But if anything, "Gramps" is a story of a missed opportunity, the film was supposed to feature De Funès. What a splendid tribute to the old generation, and a touching torch- passing moment it would have been had fate not decided otherwise, and this is why the film opens with these beautiful words: … to Louis de Funès. And as a fitting homage, many actors who worked with him were cast in the film. From Jean Carmet who plays the heroic father to Jacqueline Maillan who plays his wife, the great operatic singer Héléna Bourdelle aka "La Bourdelle" and even Julien Guiomar who played his eternal rival Tricatel in "Breast or Leg?".

The casting doesn't waste any character and reminds of another star-studded and cameo-filled WWII film: "Is Paris Burning?", the tag-line even says tat the film cost more than the landing on Omaha Beach. But there's more in the film than a simple spot-the-star game. You never feel it forced or useless, the story is remarkably multi-layered until a grand finale reassemble all the pieces of the puzzle, and each actor plays his part remarkably without trying to steal the show. And the writing doesn't indulge to cheap gags, some parts make you smile, not laugh, but their purpose is to expose characters and their personalities. At the end, you genuinely care for them, hell, you even feel sorry for the traitor.

But the heart of the story lies within this Bourdelle family. The father dies early in the film, but since he dies from the first gag, it's rather late, but it's so funny it was worth it. That's the secret of the writing, there are no five minutes without a funny moment and your patience is always rewarded. The daughter of La Bourdelle is Bernadette, a violinist played by Dominique Lavanant, she's a fervent fan of De Gaulle, and she's engaged, not so passionately, to the Bourdelles' tenant, Michel Taupin, played by Christian Clavier, a nerdy guy who fails to exude the resistant vibes. And then there's Grampa played by De Funès' long-life accomplice, Michel Galabru, an ex-doctor and WWI veteran, who behaves like a modern version of Abe Simpson.

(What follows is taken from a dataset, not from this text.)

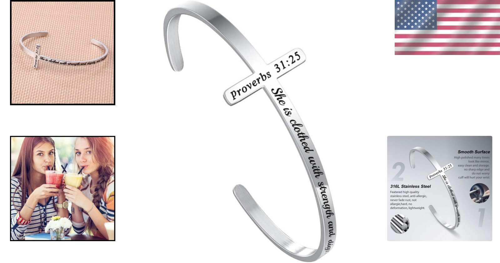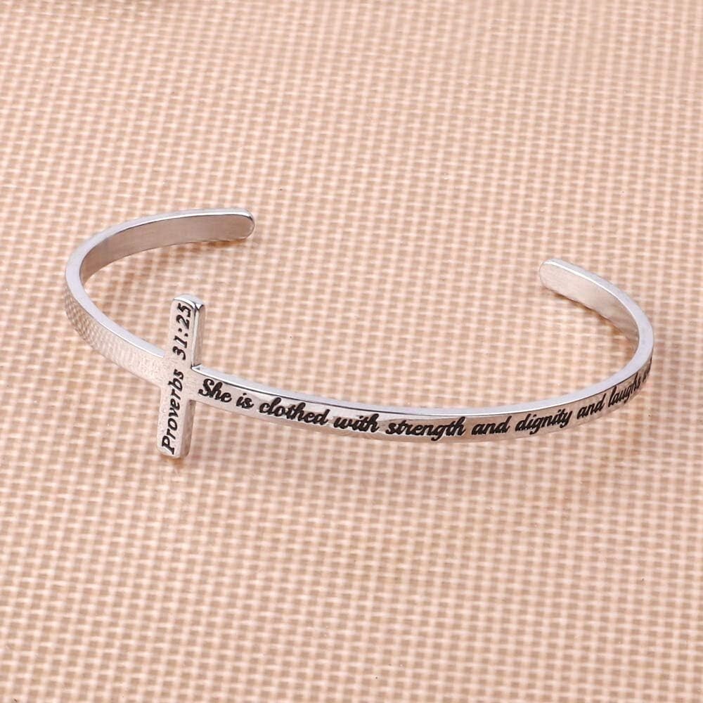 Dainty Christian Cuff Bracelet - Engraved Strength and Dignity Quote for Women ‹ › ‹ › ‹ › ‹ › ‹ › ‹ › ‹ › ‹ › ‹ › ‹ › Dainty Christian Cuff Bracelet Engraved Strength and Dignity Quote for Women This exquisite Cross Bracelet is beautifully engraved with the empowering message: "She is clothed with strength and dignity and laughs without fear of the future." Perfect as a thoughtful gift for loved ones—including friends, daughters, granddaughters, nieces, sisters, coworkers, or even yourself—this bracelet serves as an inspiring reminder of faith and resilience. Features: Engraved with an uplifting Bible verse to inspire courage and confidence. Delicate and dainty design, making it a perfect choice for any occasion. Comes beautifully packaged in a luxurious velvet bag, ideal for gifting. Crafted from 316L stainless steel, ensuring durability and a bright finish that won’t rust or tarnish. Comfortable to wear, with smooth edges to avoid wrist irritation. Dimensions: Width: 0.16" Length: 6.3" Inner Diameter: 2.6" Flexible opening cuff easily adjusts to fit any wrist size. Why Choose Our Cuff Bracelet? Embrace the beauty of faith with our Dainty Christian Cuff Bracelet. Designed for the modern woman, this bracelet not only serves as an elegant accessory but also as a daily reminder of strength and dignity. Whether celebrating a special occasion or simply showing someone you care, this bracelet is the perfect expression of love and encouragement. Enjoy peace of mind with our purchase guarantee—if you’re not completely satisfied, we offer free exchanges or a full refund within 90 days. Contact us anytime for support! Shipping Free & Fast Shipping - We offer free shipping to most of the USA with a normal delivery time of 3-7 days. However, due to the current situation, additional delivery time (up to 3 weeks) may be required for some items. Alternative Carriers - We may use alternative carriers (e.g. USPS, FedEx, UPS, etc.) to ensure your package arrives safely and on time. Due to the use of multiple carriers, we are unable to provide a tracking number automatically. Handling Time - Orders are processed and shipped within 1-2 business days of receiving cleared payment. Shipping Restrictions - Shipping to Alaska, Hawaii, Puerto Rico, Guam, and other US territories may incur shipping charges or delivery restrictions. Please contact us before ordering, or your order can be refunded/cancelled. State Restrictions - There may be restrictions based on your state of purchase. For example, certain items may not be shipped to California due to state regulations. Contact for Tracking Updates - If you require tracking updates or have any concerns about the delivery of your order, please feel free to contact us, and we will be happy to assist you. Return 30-Day Hassle-Free Returns - We want you to be completely satisfied with your purchase. If you are not, you can return the item within 30 days of receiving it for a full refund or exchange. Easy Return Process - To start a return, simply contact us and we will provide you with a prepaid return shipping label and detailed instructions. Restocking Fee - There are no restocking fees for returns. However, the buyer is responsible for return shipping costs if the return is not due to a seller's error. Refund Processing Time - Refunds will be processed within 5 business days of receiving the returned item in its condition. Payment We accept all major credit cards, PayPal, and Apple Pay for your convenience. Your payment information is secure and encrypted to ensure a safe and seamless transaction. Please complete your payment within 3 days of purchase to avoid any delays in shipping. Feedback Your feedback is extremely important to us. We strive to provide the best products and customer service possible. If you are satisfied with your purchase, please take a moment to leave us a positive review. If you have any concerns or issues with your order, please contact us before leaving negative feedback. We are committed to resolving any problems and ensuring your satisfaction. Contact Us If you have any questions or concerns, please feel free to out to our customer support team. You can contact us through the eBay messaging system. We are available Monday to Friday, 9:00 am to 5:00 pm EST, and we will do our best to respond to your inquiry within 24 hours. Buy it now and enjoy a pleasant shopping experience! Metal Purity: 316L Unit Quantity: 1 Style: Bangle,Cuff Material: Metal,Stainless Steel Secondary Stone: No Stone Main Stone Treatment: Not Enhanced Occasion: Birthday,Christmas,Graduation,Mother's Day,Valentine's Day,Baptism,Confirmation Features: Engraved,Nickel-Free Type: Bracelet Color: Silver Main Stone Color: No Stone Metal: Stainless Steel Main Stone: No Stone Charm Type: No Charm Shape: Rectangle Number of Gemstones: 0 Main Stone Shape: No Stone Main Stone Creation: Natural Setting Style: No Setting Closure: S Hook Base Metal: No Base Metal Chain Type: Box Chain Era: Undated Unit Type: Unit
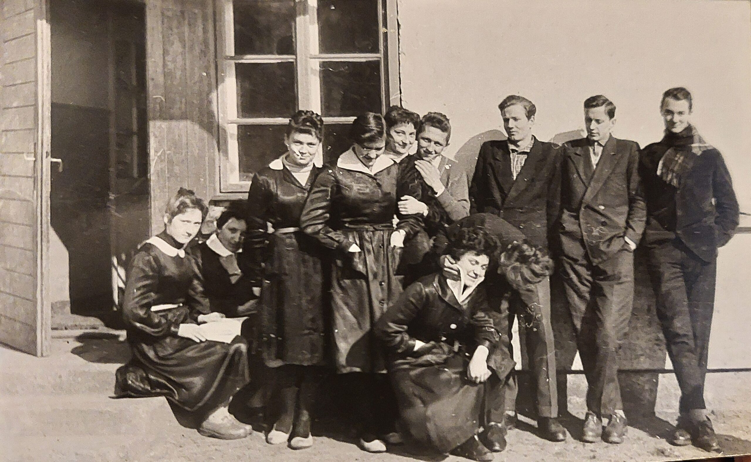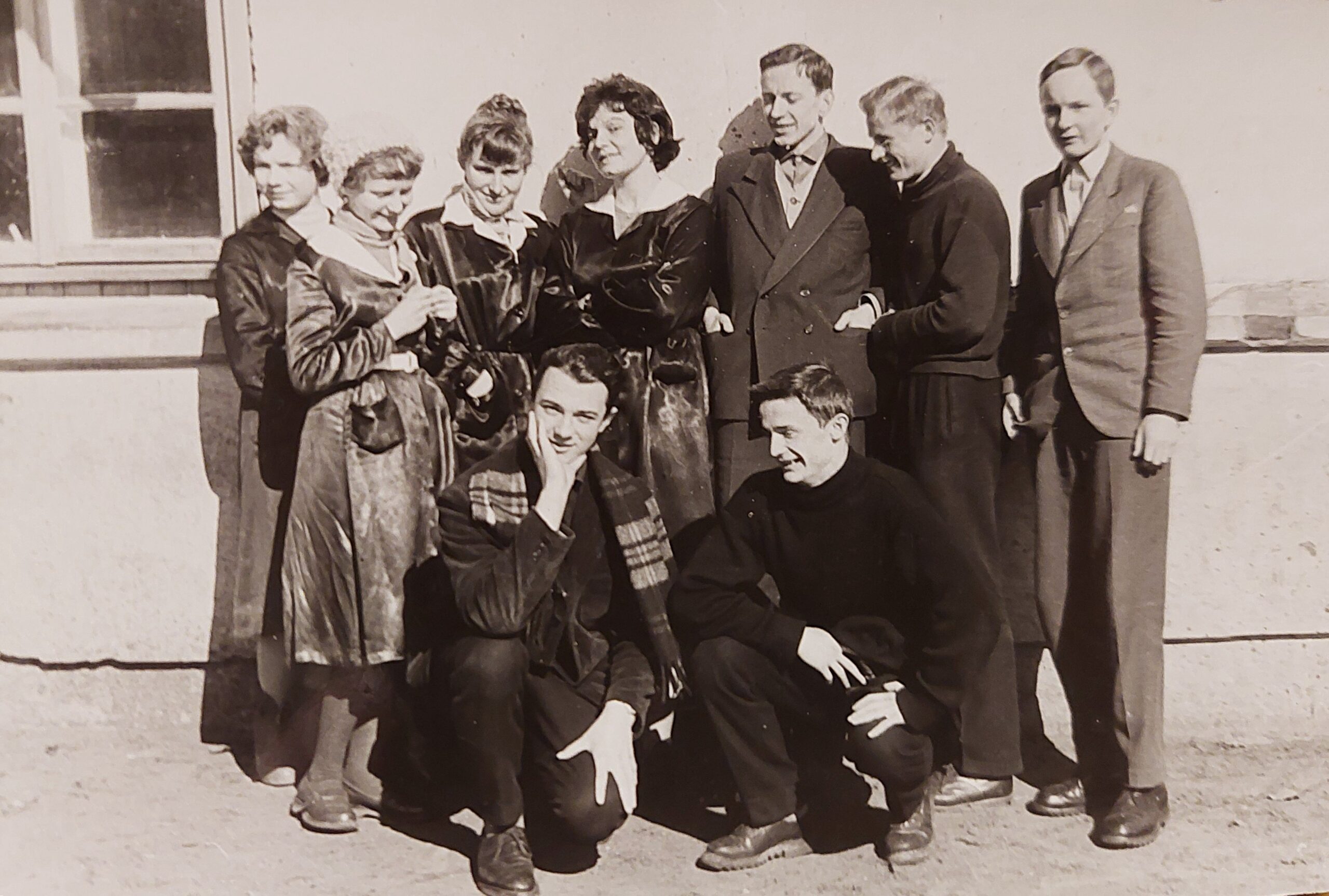 Klasa maturalna LO w Sulejówku przed tzw. barakiem. Od lewej kucają: Andrzej Ochalski i Jerzy Niecikowski, od prawej stoją: Makarewicz, Wójcik i Bogusław Borowiecki

To complete the family picture, there's Martin Lamotte as the effeminate hairdresser whose flaming and sassy mannerisms are so over-the-top that they work as the perfect cover for his real identity. It's even more crucial since the family live in the opera back-rooms when General Herman Spontz became the new resident. Roland Giraud is the General, and surprisingly, doesn't act like a typical movie Nazi, he's fond on Bernadette and his charm operates so efficiently the contradiction becomes interesting. We're not dealing exactly with a movie that expose things in black and white.

This attitude from the writers contributes to one of the film's best running gag; Jugnot as Adolfo Ramirez, the collaborator so zealous to please the Kommandantur, so eager to scream a hilarious "Heil" with his high-pitched voice that he inspires the Nazis more contempt and suspicion than sympathy. At the end, he's the one being arrested although he's only trying to help 'Ze Germans". This character illustrates the absurdity of a war where French people acted more Germanly than Germans. And Jugnot was born to play this part, with his average guy physique, mustache and bald head, he magnificently turns into derision his ungrateful traits.

The film takes you from a poignant scene with fighters about to be shot (Giraudeau in the shorter role of the film) to savior named Super Resistant, a sort of Arsène Lupin like figure who's one of the film's best inventions. It climaxes with the last-minute performance of Jacques Villeret as Hitler's brother-in-law Maréchal Van Apfelstrudel, who gives an unforgettable musical moment, one that would carry some strange nostalgic, almost sad, resonance. As if the film was as pivotal for French comedy as its setting for French history.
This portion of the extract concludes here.